Qua plot is het verhaal simpel. Een echtpaar met een tienerzoon en -dochter en een hond keert na drie jaar terug op een naaktcamping aan het Corsicaanse strand. Al meteen verbaast het gezin zich over het feit dat het zandstrand zoveel smaller is geworden en de zee meteen al zo diep. Maar wat verontrustender is: van dag tot dag neemt de zomerhitte toe en een hevige, haast oorverdovende wind houdt de vakantiegangers ’s nachts uit hun slaap. Ineens gaan de ontwikkelingen snel: het strand wordt volledig weggeslagen door de branding, zelfs zodanig dat het gezin zich niet langer veilig voelt en net als vele anderen op de vlucht slaat. Daar ergens begint het bovenstaande fragment. Het is vrij lang, ik weet het, maar ik vond het verhaal te goed om het nog verder in te korten. De gebeurtenissen worden op een speciale manier voelbaar gemaakt. Als lezer word je als het ware meegesleurd die tent in, die jeep in, die boot in, kortom het verhaal in, en je gaat mee in het stuwende ritme van de korte, onopgesmukte zinnen.

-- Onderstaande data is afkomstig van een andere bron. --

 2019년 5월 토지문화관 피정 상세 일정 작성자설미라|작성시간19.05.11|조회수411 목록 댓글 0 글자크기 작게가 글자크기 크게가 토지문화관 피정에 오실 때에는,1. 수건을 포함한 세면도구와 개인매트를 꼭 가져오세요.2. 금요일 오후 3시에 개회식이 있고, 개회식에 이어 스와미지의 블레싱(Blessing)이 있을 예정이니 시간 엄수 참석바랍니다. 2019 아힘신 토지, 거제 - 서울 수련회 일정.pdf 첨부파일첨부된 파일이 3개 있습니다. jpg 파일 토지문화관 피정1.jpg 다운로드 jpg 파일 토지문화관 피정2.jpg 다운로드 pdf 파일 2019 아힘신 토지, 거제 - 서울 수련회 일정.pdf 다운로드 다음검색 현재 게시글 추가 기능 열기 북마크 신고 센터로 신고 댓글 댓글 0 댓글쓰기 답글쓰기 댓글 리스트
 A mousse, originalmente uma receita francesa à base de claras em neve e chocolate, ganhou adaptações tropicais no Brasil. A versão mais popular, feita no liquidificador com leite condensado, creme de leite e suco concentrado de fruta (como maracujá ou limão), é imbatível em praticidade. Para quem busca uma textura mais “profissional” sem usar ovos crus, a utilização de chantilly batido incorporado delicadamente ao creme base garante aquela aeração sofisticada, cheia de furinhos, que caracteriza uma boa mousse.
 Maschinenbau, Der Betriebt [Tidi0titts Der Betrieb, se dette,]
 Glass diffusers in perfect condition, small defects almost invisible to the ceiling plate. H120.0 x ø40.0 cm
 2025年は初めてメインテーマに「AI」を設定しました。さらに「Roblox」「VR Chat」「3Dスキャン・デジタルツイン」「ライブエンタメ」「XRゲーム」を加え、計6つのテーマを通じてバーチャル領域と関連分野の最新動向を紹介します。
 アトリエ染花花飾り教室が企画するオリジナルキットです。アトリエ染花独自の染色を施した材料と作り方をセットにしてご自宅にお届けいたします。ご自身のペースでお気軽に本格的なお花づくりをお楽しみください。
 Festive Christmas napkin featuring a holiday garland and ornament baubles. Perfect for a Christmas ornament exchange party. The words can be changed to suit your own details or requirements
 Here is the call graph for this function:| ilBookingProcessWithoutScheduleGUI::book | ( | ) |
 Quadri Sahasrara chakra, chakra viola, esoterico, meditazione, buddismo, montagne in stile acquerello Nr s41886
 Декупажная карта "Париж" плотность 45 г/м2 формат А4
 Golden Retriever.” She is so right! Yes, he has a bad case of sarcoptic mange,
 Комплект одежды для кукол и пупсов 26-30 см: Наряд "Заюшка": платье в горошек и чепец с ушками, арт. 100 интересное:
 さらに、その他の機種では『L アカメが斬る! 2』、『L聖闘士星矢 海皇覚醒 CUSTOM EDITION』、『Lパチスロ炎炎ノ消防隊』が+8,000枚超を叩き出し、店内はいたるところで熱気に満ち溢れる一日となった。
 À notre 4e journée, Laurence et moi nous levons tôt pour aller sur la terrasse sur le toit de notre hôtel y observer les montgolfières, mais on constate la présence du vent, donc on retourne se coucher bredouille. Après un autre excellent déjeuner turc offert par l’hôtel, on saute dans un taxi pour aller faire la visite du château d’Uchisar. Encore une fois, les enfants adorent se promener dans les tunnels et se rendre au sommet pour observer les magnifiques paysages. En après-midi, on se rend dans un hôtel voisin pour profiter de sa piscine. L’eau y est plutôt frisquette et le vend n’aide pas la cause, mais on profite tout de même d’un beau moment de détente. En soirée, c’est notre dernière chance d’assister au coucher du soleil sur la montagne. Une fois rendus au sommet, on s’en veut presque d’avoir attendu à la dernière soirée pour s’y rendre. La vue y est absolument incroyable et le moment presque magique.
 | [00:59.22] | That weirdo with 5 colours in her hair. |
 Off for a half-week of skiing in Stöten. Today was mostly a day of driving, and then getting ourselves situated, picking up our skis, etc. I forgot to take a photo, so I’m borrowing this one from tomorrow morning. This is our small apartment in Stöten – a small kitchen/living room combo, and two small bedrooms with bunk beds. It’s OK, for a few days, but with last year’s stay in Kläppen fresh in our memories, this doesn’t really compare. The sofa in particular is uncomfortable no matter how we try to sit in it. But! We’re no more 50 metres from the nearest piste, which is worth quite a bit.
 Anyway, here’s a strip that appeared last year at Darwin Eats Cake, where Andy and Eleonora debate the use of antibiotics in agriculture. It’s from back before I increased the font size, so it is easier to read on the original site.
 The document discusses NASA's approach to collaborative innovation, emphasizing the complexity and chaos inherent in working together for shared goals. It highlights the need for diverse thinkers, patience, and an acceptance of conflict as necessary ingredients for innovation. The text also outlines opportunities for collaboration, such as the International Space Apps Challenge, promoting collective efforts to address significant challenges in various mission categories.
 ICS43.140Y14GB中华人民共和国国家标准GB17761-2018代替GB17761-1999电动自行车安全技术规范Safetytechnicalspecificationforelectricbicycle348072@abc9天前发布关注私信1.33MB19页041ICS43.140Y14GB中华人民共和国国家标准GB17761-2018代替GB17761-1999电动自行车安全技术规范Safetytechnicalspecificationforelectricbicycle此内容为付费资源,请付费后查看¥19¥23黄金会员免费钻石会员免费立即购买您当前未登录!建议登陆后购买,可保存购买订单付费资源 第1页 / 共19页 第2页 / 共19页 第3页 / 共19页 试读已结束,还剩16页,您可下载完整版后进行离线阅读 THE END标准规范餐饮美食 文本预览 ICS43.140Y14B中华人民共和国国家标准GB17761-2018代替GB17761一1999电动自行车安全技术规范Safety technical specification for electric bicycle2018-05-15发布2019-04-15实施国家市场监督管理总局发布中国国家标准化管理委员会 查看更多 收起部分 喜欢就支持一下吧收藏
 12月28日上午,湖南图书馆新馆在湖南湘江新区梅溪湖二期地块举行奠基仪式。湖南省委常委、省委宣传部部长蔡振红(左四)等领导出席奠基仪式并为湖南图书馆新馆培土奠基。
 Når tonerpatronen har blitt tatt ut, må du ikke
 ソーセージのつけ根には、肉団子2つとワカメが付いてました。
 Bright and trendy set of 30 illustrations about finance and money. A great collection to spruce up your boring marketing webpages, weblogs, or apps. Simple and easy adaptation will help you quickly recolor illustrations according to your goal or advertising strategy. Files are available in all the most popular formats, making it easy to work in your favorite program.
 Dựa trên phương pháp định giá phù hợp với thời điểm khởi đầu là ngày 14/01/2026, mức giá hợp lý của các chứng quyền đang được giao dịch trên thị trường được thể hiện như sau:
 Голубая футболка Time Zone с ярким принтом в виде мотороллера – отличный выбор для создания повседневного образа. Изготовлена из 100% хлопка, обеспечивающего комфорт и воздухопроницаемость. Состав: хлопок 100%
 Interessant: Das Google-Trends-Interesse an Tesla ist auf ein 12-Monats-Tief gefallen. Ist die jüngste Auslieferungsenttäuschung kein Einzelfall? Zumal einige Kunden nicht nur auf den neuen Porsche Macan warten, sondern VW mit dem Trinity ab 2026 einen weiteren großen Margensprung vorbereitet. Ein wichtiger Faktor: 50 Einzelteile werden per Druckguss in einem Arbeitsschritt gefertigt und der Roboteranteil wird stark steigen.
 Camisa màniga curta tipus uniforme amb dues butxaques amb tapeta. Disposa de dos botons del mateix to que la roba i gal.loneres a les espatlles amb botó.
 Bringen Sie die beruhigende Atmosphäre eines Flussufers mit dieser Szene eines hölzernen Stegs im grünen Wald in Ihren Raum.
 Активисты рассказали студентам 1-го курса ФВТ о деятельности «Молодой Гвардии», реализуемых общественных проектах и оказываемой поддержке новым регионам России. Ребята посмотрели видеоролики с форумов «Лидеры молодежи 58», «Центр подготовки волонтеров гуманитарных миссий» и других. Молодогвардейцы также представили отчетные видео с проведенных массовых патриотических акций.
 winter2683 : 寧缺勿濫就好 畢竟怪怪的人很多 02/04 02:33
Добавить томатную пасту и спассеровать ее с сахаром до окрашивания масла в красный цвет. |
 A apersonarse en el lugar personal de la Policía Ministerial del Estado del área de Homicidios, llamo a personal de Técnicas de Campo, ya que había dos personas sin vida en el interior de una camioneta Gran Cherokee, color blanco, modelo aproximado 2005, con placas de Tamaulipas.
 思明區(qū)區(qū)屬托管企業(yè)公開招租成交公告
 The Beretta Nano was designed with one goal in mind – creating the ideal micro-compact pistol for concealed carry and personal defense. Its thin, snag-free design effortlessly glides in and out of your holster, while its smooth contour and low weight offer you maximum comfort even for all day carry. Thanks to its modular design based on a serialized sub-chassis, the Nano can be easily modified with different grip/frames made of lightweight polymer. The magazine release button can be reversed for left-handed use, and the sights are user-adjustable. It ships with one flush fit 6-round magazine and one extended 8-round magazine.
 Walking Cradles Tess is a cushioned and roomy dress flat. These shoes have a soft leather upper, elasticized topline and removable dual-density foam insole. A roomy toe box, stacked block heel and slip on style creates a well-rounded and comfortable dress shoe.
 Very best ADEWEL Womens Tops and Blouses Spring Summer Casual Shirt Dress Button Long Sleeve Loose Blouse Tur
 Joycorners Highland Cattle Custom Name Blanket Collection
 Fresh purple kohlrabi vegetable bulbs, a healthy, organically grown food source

Het is een verhaal uit 1974 dat niet alleen steengoed geschreven is, maar dat ook een vroeg licht werpt op alle ellende die we inmiddels met de aarde zien gebeuren. En met ‘we’ bedoel ik dan iedereen behalve de halvegaren die vinden dat er niks aan de hand is en dat we gerust door kunnen gaan op de heilloze weg die we zijn ingeslagen. Maar Moeder Aarde is klaar met ons en doet hard haar best ons, haar kroost, van haar schoot te schuiven, ongeveer zoals het eiland Corsica de hoofdpersonen in dit verhaal naar de rand duwt.

  • Hugo Raes, Verzamelde verhalen, Amsterdam, 1979.